One of the Tour’s best putters explains why steady stroke is such an advantage
Anyone who plays golf knows what a difference it can make to your score when you putt well, though it can be difficult to describe what exactly that means since it tends to vary from player to player.
But at this week’s Memorial Tournament, contender Denny McCarthy managed to explain exactly what being a good putter brings to his game — and it’s something all golfers should aspire to.
As a preface to McCarthy’s remarks, earlier this week, McCarthy was called out by Rory McIlroy as being one of the Tour’s most consistently good putters. “He’s up there in the stats every single year,” McIlroy said.

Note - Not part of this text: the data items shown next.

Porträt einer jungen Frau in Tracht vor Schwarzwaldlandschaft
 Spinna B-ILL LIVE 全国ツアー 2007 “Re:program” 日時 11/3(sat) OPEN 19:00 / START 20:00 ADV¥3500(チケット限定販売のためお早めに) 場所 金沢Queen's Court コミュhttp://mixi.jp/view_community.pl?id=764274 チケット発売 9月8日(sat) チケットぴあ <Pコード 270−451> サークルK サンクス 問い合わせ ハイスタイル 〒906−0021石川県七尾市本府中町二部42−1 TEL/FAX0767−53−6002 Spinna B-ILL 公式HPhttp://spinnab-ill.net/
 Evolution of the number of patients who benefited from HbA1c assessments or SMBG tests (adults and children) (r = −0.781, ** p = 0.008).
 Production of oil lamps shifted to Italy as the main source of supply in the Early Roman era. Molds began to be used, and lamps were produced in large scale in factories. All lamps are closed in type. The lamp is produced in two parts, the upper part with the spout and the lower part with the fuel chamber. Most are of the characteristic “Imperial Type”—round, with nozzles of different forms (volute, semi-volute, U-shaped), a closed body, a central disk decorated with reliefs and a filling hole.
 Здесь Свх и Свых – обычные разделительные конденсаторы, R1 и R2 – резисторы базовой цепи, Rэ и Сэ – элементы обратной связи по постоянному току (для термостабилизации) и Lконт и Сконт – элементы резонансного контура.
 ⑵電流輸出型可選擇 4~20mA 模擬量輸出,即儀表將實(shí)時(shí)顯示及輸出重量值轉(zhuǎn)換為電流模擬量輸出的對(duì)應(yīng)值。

McCarthy is currently ranked 5th in Strokes Gained: putting, and after his second round at Murifield Village on Friday, McCarthy was asked about what it’s like to maintain his reputation as one of the best putters.

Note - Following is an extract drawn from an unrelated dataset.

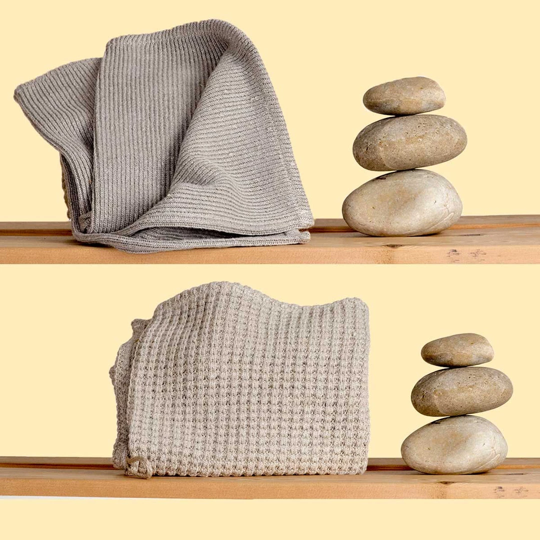 This beautiful 100% organic linen towel is great for the kitchen as well as the bath, or the gym or travels… It’s made from your choice of two heritage knits: ribbed (top) or honeycomb waffle (bottom). Unbleached, undyed, and chemical-free. No GMO, no dioxin, no formaldehyde, no bleach, and no dye. Perfect for chemically sensitive customers and anyone who prefers to live without chemicals in their daily lives. Designed specially for connoisseurs of heritage flax linen from the Old World. Our organic linen knit towels are extremely absorbent and quick-drying. The gentle scrubbing action also helps to revitalize the skin. Also great for drying dishes and counter tops.

“Everyone has the best part of their game. Obviously putting is part of mine,” McCarthy said. “I’m no slouch around the course, like putting is not the only thing I do well. Everyone brings up my putter; yes, I’m a good putter, but I need to do good things to get to those putts.”
McCarthy said that one of the primary benefits of putting well is the pressure it relieves from other parts of his game.

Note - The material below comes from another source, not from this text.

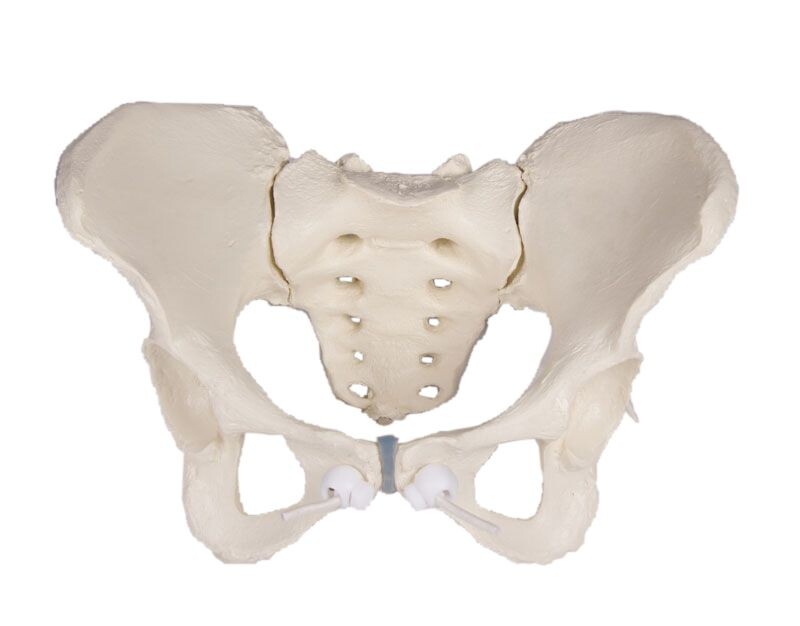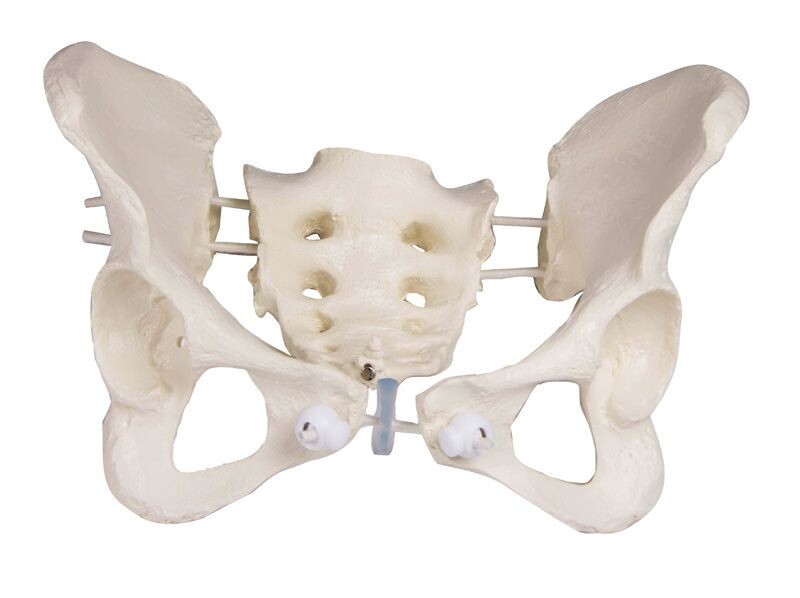 Naturtrogen avgjutning av ett vuxet kvinnligt bäcken, monterat på hållbart gummi för maximal rörlighet. Modellen är helt flexibel och möjliggör tydlig demonstration av bäckenets naturliga rörelser.

“It frees me up a little in that like I don’t need to feel like I stuff a 7-iron from 180,” he said. “I can feel like I can just hit it a good, conservative shot on the green to 25 feet, and I like my chances from there. I don’t need to be super aggressive.
“When I get wedges in my hands, wedges and short irons, that’s when I need to attack,” he continued. “If I start getting 7-iron out, that’s when I’ll be a little more conservative and trusting that my putting ability is going to help me out.”
Sounds like McCarthy’s strategy is paying off so far — he’s one shot behind Cameron Smith’s lead at the Memorial Tournament’s halfway point.